In Biondino v. Southern Farm Bureau Casualty Insurance Co., 319 So. 2d 152 (Fla. 2d DCA 1975), we held under similar policy language[2] that the amount which a husband could recover for bodily injuries and his wife could recover for loss of consortium was limited to the per person entitlement. We rejected the wife's contention that the per accident limitation should be applied to allow her a separate entitlement as a derivative claimant. In Mackoul v. The Fidelity & Casualty Co. of New York, 402 So. 2d 1259 (Fla. 1st DCA, 1981), the First District cited our opinion in Biondino and held that the each person limit of liability under uninsured motorist coverage in that policy[3] provided the total liability of the insurance company for all damages that could be recovered for the death of one person. It specifically rejected the contention that each party who has a claim arising out of the wrongful death of the deceased has a separate entitlement to the extent of the limit of liability for each person. We agree with the result in Mackoul and find, as applied to the facts of the instant case, that appellee is not entitled to recover under the uninsured motorist provision of decedent's policy.
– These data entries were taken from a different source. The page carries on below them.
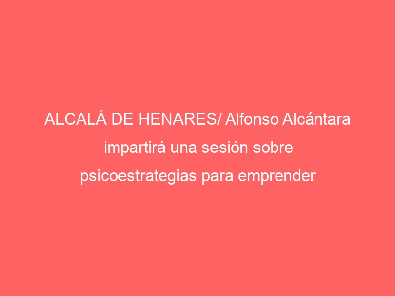 ALCALÁ DE HENARES/ Alfonso Alcántara impartirá una sesión sobre psicoestrategias para emprender y reinventarse
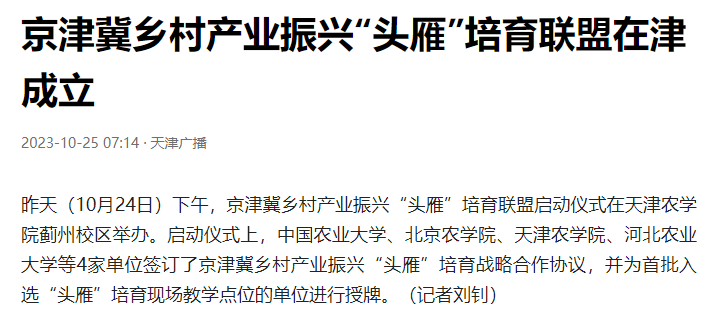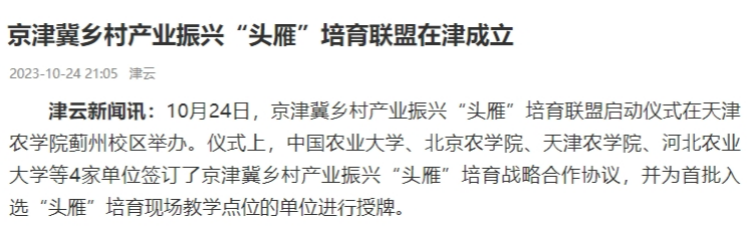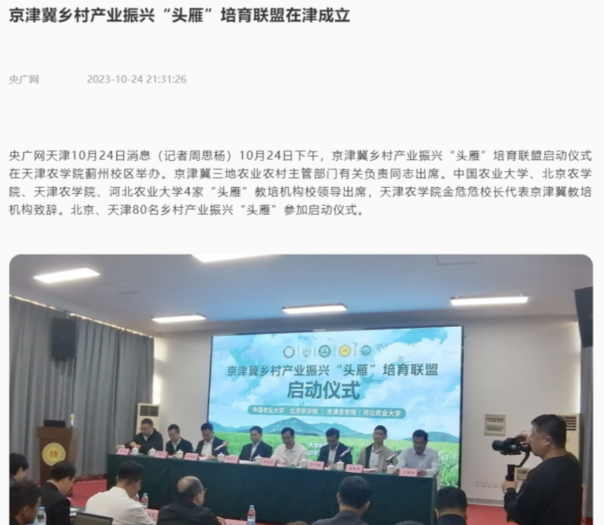 2023年10月24日-25日,中国小康网、央广网、津云、天津日报、天津广播等多家媒体报道京津冀乡村产业振兴“头雁”培育联盟启动仪式在贝博蓟州校区举办。仪式上,中国农业大学、北京艾弗森ballbet贝博、艾弗森ballbet贝博、河北农业大学等4家单位签订了京津冀乡村产业振兴“头雁”培育战略合作协议,并为首批入选“头雁”培育现场教学点位的单位进行授牌。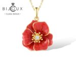 Тази сребърна висулка червено цвете Clara Bijoux е истинско произведение на изкуството. Дизайнът е вдъхновен от разцъфнало цвете, изработено с наситен червен емайл и фини златисти контури, които подчертават всяко листенце. В центъра е поставен бял CZ камък, който придава завършеност и деликатен блясък.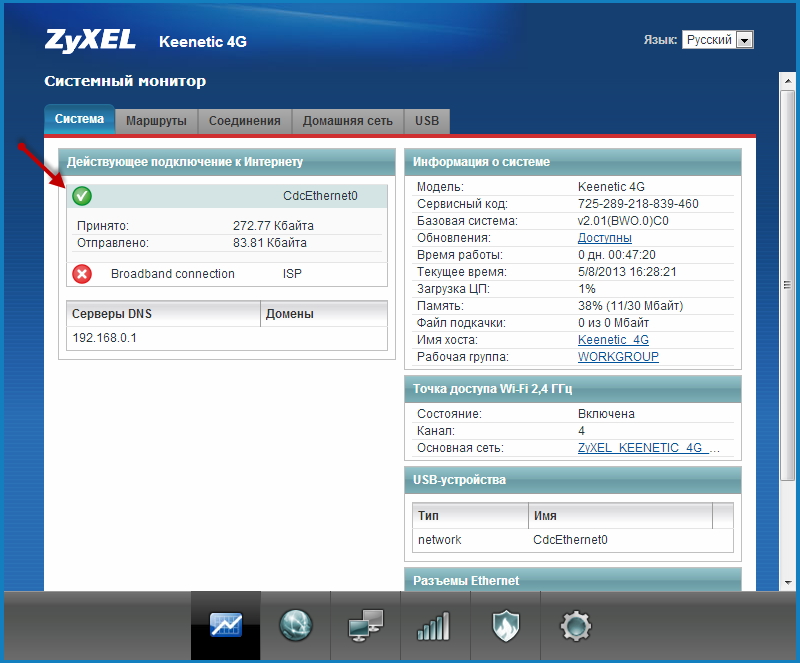 Затем снова подключитесь к веб-конфигуратору маршрутизатора и перейдите в Системный монитор. В разделе Действующее подключение к Интернету вы увидите соединение (CdcEthernet0). На этом настройка подключения завершена.
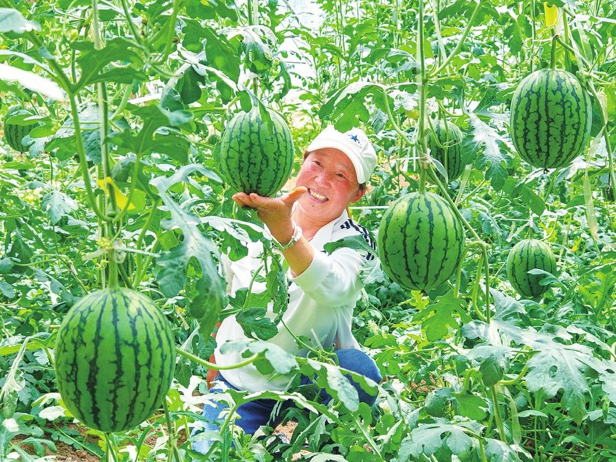 平陆县关家窝村吊蔓西瓜喜获丰收。闫鑫摄

Finally, we reject appellee's assertion that the language included under Coverage, "Under this coverage we will pay damages others may be legally entitled to recover because of bodily injury suffered by an insured," conflicts with the limits of payment provision so as to render the policy provisions ambiguous. We think the quoted provision merely authorizes recovery by derivative claimants and does not expand the stated policy limits available for payment.

Accordingly, we vacate the summary judgment entered in favor of appellee, and direct the trial court to enter summary judgment in favor of appellant.

SCHEB, C.J., and BOARDMAN and CAMPBELL, JJ., concur.

NOTES

[1] Bodily injury is elsewhere defined in the policy as including death.

[2] In Biondino, 319 So.2d at 153, the payment clause in the policy provided:

The limit of liability as applicable to "each person" is the limit of the Company's liability for all damages, including damages for care or loss of services, because of bodily injury sustained by one person, as the result of any one accident and, subject to the above provisions respecting each person, the limit of liability as applicable to "each accident" is the total limit of the Company's liability for all damages, including damages for care or loss of services, because of bodily injury sustained by two or more persons as a result of any one accident.

[3] In Mackoul, 402 So.2d at 1260, the relevant provision states:

The limit of liability shown in the Declarations for "each person" for Uninsured Motorist Coverage is our maximum limit of liability for all damages for bodily injury sustained by any one person in any one auto accident. Subject to this limit for "each person" the limit of liability shown in the Declarations or in this endorsement for "each accident" for Uninsured Motorists Coverage is our maximum limit of liability for all damages for bodily injury resulting from any one auto accident.

This is the most we will pay regardless of the number of covered persons, claims made, vehicles or premiums shown in the declarations, or vehicles involved in the auto accident.